How do i measure time taken for kafka rebalance? - apache-kafka

I am very new to Kafka. So this question might be very basic.
What i am trying to achieve is to find out the time it takes to rebalance when a broker fails and is then added back.
From my reading up of the documentation(http://kafka.apache.org/documentation/#basic_ops_restarting). When a broker fails or is taken down for maintenance
It will sync all its logs to disk to avoid needing to do any log recovery when it restarts (i.e. validating the checksum for all messages in the tail of the log). Log recovery takes time so this speeds up intentional restarts.

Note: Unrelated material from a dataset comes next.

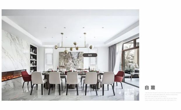 作品《白麓》的餐厅中挂有一幅来自四川雅安的画家侯俊杰的《玉兰》,与室外的树枝交相呼应,好像在墙面开了一扇窗。
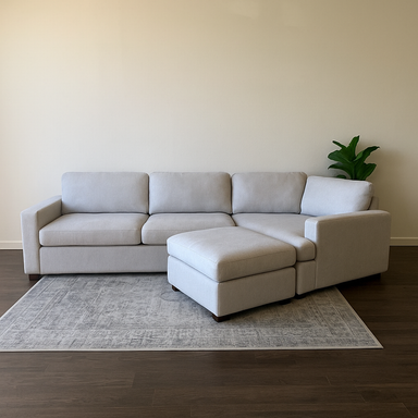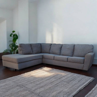 Looking for a beautiful pre owned couch in San Jose that’s both stylish and affordable? This light gray Living Spaces L-shaped sectional is perfect...

It will migrate any partitions the server is the leader for to other replicas prior to shutting down. This will make the leadership transfer faster and minimize the time each partition is unavailable to a few milliseconds.
What i want to do is find out the time taken to migrate any partitions that the server is the leader for to other replicas
My kafka setup is 3 broker nodes and 3 zk nodes.
Also, when i add this node back to the property of auto.rebalance=true the rebalance again kicks in, and it re-elects a leader.
How do i measure this time as well?

There is no "migration" as in data copy. When shutting down a broker cleanly, the controller will simply elect a new leader from the available replicas for all partitions the broker was the leader, making the transition fast.
There are a few metrics you can monitor the leader elections.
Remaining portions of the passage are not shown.